Wright aptly analyzes the main symbolic connections of the land in parallel with the connections of the Israelite people. The people are simultaneously related to (a) all nations; (b) eschatological new humanity; and (c) the church as the new people of God (chapter 4). Likewise the land is related "paradigmatically" to the whole earth (point 2 above); "eschatologically" to the new heavens and new earth (point 7); and "typologically" to participation in blessing in the church (point 5).3 If we add to these relations that of Christ himself as the ultimate holy space, we shall have noted the main elements necessary for understanding the significance of the land in the Old Testament.

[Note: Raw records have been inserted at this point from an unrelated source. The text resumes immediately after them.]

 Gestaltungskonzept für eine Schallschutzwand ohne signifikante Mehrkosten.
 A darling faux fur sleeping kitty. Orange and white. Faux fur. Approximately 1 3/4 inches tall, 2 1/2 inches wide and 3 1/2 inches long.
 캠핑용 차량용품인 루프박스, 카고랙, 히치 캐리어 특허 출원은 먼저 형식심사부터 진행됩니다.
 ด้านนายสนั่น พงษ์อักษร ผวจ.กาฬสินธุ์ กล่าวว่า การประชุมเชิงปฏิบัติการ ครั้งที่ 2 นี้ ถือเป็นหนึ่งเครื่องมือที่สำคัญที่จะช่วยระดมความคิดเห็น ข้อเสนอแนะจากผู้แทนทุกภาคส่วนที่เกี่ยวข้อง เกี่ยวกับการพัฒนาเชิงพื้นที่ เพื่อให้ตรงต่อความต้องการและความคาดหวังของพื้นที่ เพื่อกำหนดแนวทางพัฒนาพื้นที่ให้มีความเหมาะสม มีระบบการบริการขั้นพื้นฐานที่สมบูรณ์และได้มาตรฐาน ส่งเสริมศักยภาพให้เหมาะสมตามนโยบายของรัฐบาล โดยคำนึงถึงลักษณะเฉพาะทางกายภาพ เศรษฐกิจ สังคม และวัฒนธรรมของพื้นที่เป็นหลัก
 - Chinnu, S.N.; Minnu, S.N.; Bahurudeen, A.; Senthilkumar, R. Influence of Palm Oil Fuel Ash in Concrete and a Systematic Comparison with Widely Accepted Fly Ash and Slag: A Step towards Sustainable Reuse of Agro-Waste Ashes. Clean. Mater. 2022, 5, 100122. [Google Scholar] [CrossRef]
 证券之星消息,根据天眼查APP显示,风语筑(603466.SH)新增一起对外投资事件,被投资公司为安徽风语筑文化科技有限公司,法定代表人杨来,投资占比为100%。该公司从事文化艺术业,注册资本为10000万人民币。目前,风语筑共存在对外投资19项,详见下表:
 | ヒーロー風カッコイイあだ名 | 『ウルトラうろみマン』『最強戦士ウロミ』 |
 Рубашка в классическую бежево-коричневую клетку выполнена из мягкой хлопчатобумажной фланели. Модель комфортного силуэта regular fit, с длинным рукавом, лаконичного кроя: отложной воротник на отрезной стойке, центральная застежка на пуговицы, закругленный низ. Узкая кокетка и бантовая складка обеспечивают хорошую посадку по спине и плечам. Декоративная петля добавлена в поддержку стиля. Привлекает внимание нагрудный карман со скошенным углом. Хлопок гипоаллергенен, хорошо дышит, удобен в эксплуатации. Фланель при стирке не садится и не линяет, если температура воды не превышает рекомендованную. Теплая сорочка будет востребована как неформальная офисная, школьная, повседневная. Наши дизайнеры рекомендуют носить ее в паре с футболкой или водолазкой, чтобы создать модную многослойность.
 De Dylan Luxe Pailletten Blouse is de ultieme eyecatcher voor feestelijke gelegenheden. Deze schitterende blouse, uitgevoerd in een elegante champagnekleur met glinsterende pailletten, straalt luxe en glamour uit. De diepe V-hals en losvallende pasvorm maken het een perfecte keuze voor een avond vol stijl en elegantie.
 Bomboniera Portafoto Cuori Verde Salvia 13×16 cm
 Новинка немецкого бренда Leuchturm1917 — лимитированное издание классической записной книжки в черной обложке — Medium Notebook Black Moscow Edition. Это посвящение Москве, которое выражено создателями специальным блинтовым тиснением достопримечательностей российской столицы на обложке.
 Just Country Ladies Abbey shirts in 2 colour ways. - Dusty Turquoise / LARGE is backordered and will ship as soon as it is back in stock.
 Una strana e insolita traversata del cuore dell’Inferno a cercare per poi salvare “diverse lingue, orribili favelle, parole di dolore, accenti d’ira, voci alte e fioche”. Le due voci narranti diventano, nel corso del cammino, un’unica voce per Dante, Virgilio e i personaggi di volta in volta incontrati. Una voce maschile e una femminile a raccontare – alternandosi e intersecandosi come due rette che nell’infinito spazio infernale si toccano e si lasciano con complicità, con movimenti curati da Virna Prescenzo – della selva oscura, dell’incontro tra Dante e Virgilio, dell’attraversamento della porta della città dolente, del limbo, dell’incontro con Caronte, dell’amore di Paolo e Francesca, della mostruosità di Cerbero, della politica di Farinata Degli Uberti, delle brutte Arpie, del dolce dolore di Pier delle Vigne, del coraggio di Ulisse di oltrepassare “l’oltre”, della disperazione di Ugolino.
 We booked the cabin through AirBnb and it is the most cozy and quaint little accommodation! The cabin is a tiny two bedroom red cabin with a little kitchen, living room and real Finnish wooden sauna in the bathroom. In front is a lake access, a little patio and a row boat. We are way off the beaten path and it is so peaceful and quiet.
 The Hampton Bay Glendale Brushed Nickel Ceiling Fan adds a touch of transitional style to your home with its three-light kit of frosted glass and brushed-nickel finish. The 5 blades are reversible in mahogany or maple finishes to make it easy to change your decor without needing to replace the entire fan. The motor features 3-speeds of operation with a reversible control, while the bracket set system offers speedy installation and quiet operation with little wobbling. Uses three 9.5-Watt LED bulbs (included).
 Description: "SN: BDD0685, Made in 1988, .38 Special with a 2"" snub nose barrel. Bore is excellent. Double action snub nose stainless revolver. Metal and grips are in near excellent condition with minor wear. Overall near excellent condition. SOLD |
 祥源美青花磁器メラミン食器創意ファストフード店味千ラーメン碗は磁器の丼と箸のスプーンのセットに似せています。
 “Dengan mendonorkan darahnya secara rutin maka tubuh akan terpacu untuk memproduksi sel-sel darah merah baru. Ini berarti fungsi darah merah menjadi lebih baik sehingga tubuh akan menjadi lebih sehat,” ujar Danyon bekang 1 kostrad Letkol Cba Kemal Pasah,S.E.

The land, then, was God's gift to Israel, and therefore a tangible sign of his goodness, favor, and blessing. Like all the other important institutions in Israel, it was a means of communion with God. It showed his goodness and beauty. By dispossessing the wicked Canaanites and giving the land to Israel, God also showed his righteousness and his salvific power (Deut. 7). The land spoke of God's faithfulness and the truthfulness of his promises, because its possession was a fulfillment of God's ancient promise to Abraham (Deut. 6:10).

But the land was simultaneously a trust and a responsibility. Israel as a kind of corporate Adam was to guard the land from defilement. They were to tend and till the land in order to obtain and enjoy its increase. The fact that the land belonged first of all to God meant that it could not be permanently sold (Lev. 25:23-24). Poor people were to be protected from land-grabbers, and were to be given access to some of the yield of the land (Lev. 23:25-28; 19:9-10; Deut. 23:25-25; 24:19-22; 26:11-15).

Prosperity in the land was to be an index of Israel's faithfulness (Deut. 28:1-14). Exile and loss of the land would result from continued disobedience (Deut. 28:15-29:28). These arrangements prefigured the inheritance of the new heaven and new earth, which we receive now on the basis of Christ's obedience, not our own (1 Pet. 1:4). Our own obedience still matters, because as imitators of Christ we are meant to reflect his generosity to us (2 Cor. 8:9). Whatever gifts we receive, whether tangible or intangible in character, are not only a blessing but a trust to be used responsibly in his service (1 Pet. 4:10; 1 Tim. 6:17-19).

Footnotes

1. Kline, Structure, pp. 31-34; M. Weinfeld, "The Covenant of Grant in the Old Testament and in the Ancient Near East," Journal of the American Oriental Society 90 (1970) 184-203.

2. William D. Davies, The Gospel and the Land (Berkeley: University of California Press, 1974), p. 368.

3. Wright, An Eye for an Eye, pp. 88-102.